What do you think these website founder have done to build their client base. Sites like Askfortask, Taskrabbit, needto, These websites have one common thing, helping individuals find a cheaper alternative to get a job done. How about a service where it helps businesses post their services for free to reach larger consumer base. 1) Should you concentrate on building a customer base but there won't be any business for them to look upon 2) Should you concentrate on building client base, but there won't be any customers. I am looking at this problem from a marketer perspective.


It's the chicken or the egg question and in all truth you need both to grow each other. You need to figure out about the minimum level of businesses you need to keep customers coming back and back. Second, you need to offer those business a free trial period, say 3-6 months, so that you have the businesses that will attract the people, but the businesses are not throwing away their money on an empty project, while you are recruiting your people.
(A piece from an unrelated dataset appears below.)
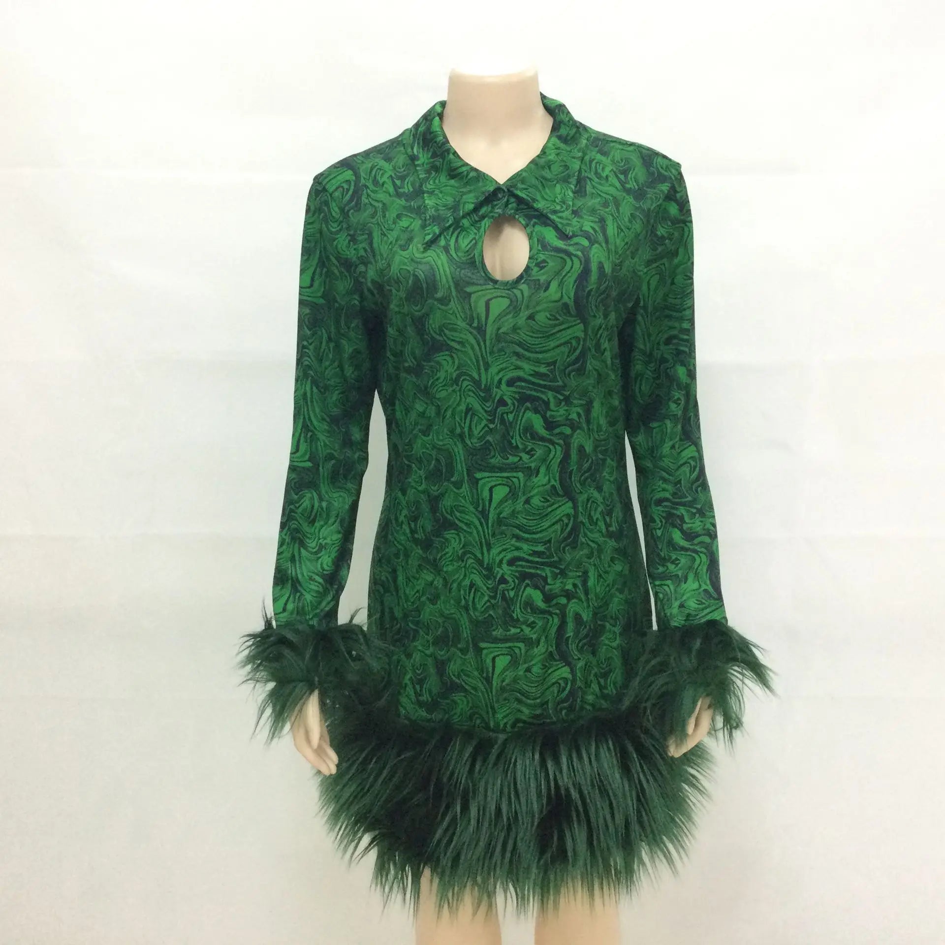 Plus Size Printed Slim Fit Dress – Elegant Long Sleeve

You also need to market yourself and start early, while you are still setting things up. Get the word out: make youtube videos. Ask other sites to attach a link to your site. Write on blogs. Leave links on blogs (it is a bit of spamming but if the blog owners don't like it, they'll delete the link). Even better if you can do a trade for service with those same blog owners.
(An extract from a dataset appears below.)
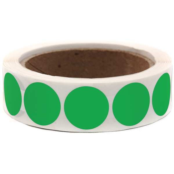 Description Label, Adhesive Adhesive, Adhesive Material Rubber, Adhesive Type Permanent Adhesive, Indoor/Outdoor Usage Indoor, Label Color Green, Label Diameter 1 in, Label Height Not Applicable, Label Material Coated Litho, Label Shape Circle, Label Width Not Applicable, Language No Text, Number of Labels 1,000, Package Type Roll, Preprinted Images Not Applicable, Preprinted Text No Text, Product Type Label, Standards AOEC, CA, European Union Priority For Research List, IARC, Write on Surface Yes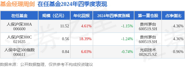 证券之星消息,日前人保中证500指数基金公布四季报,2024年四季度最新规模0.84亿元,季度净值涨幅为-0.74%。

Be creative and MARKET MARKET MARKET. There's an old Russian saying: not advertising your business is like flirting with a girl across a non-lit room.

Answered 10 years ago

Find the market that is ready to pay for your service BEFORE you go build anything.

Go talk to your target market. Find out what they want. THEN build the site.

Nearly everyone does this bass ackwards, and creates nothing.

Answered 10 years ago

I see many dangers in your sentence "Help businesses post their services to reach customers".
To significantly increase your chances of success (and avoid extreme overwork which often causes burnout), I highly suggest you do two things :
1 - select a specific industry
2 - select a specific geographic area
The best parallel I can do is with Starbucks. It looks today as if they are everywhere. But in reality, they started small, tested and tuned their 'system' locally, and gradually expanded geographically.
Facebook did the same (started by only focusing on the academic market, with a clear focus on the 'dating' aspect, and then expanded).
In your case for example, your statement could be "Help accountants in Boston post their services for free to reach a larger consumer base".
Notice how you get instant focus with this simple change, you now know who to reach on both ends.
You can get even more focus by using a specific business size and smaller geographic area :
"Help accountants doing over 5M$/year in Cambridge post their services for free to reach a larger consumer base".
I clear message like this is very important in terms of customer acquisition because this level of specificity creates an 'this is for me' reaction, which instantaneously creates trust in your solution (one size fits all is dead).